▸ WORK REQUIRED: Set the listing down unchanged, minus every embedded image.

▸ DATA BLOCK:
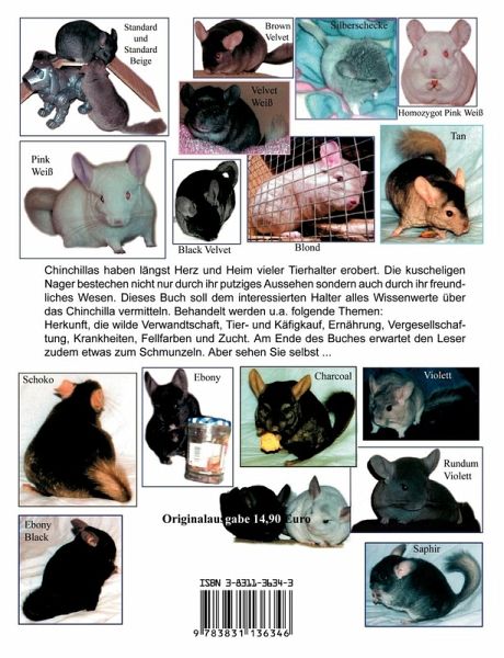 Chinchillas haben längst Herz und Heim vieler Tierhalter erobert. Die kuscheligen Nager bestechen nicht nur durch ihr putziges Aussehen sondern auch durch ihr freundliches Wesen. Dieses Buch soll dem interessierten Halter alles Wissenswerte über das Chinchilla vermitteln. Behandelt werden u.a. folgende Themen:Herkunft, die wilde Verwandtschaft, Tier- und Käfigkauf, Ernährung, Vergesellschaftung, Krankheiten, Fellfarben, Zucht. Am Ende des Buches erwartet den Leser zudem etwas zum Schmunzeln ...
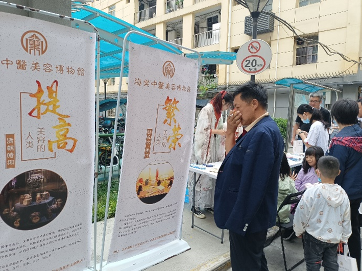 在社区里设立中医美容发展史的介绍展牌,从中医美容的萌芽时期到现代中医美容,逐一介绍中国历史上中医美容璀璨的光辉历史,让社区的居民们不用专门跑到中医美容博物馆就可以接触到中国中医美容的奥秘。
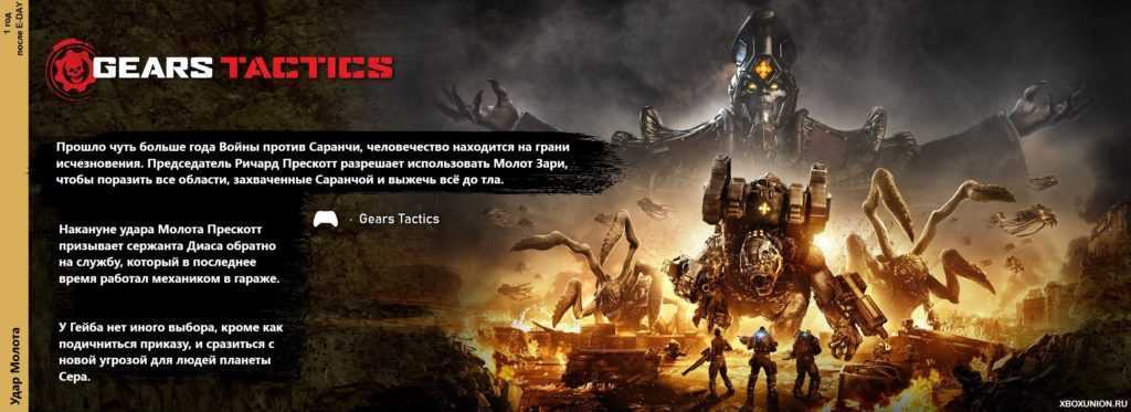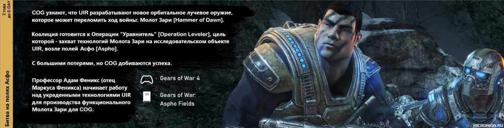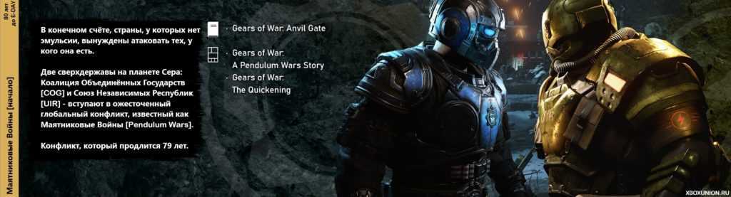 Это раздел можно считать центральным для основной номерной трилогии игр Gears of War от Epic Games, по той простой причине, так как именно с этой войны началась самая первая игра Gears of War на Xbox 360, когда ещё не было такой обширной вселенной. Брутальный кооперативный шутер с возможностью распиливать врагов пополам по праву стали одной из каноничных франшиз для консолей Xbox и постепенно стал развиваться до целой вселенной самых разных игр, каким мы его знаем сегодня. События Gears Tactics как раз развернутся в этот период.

▸ OUTPUT FOR THIS EXERCISE:
 Chinchillas haben längst Herz und Heim vieler Tierhalter erobert. Die kuscheligen Nager bestechen nicht nur durch ihr putziges Aussehen sondern auch durch ihr freundliches Wesen. Dieses Buch soll dem interessierten Halter alles Wissenswerte über das Chinchilla vermitteln. Behandelt werden u.a. folgende Themen:Herkunft, die wilde Verwandtschaft, Tier- und Käfigkauf, Ernährung, Vergesellschaftung, Krankheiten, Fellfarben, Zucht. Am Ende des Buches erwartet den Leser zudem etwas zum Schmunzeln ...
 在社区里设立中医美容发展史的介绍展牌,从中医美容的萌芽时期到现代中医美容,逐一介绍中国历史上中医美容璀璨的光辉历史,让社区的居民们不用专门跑到中医美容博物馆就可以接触到中国中医美容的奥秘。
 Это раздел можно считать центральным для основной номерной трилогии игр Gears of War от Epic Games, по той простой причине, так как именно с этой войны началась самая первая игра Gears of War на Xbox 360, когда ещё не было такой обширной вселенной. Брутальный кооперативный шутер с возможностью распиливать врагов пополам по праву стали одной из каноничных франшиз для консолей Xbox и постепенно стал развиваться до целой вселенной самых разных игр, каким мы его знаем сегодня. События Gears Tactics как раз развернутся в этот период.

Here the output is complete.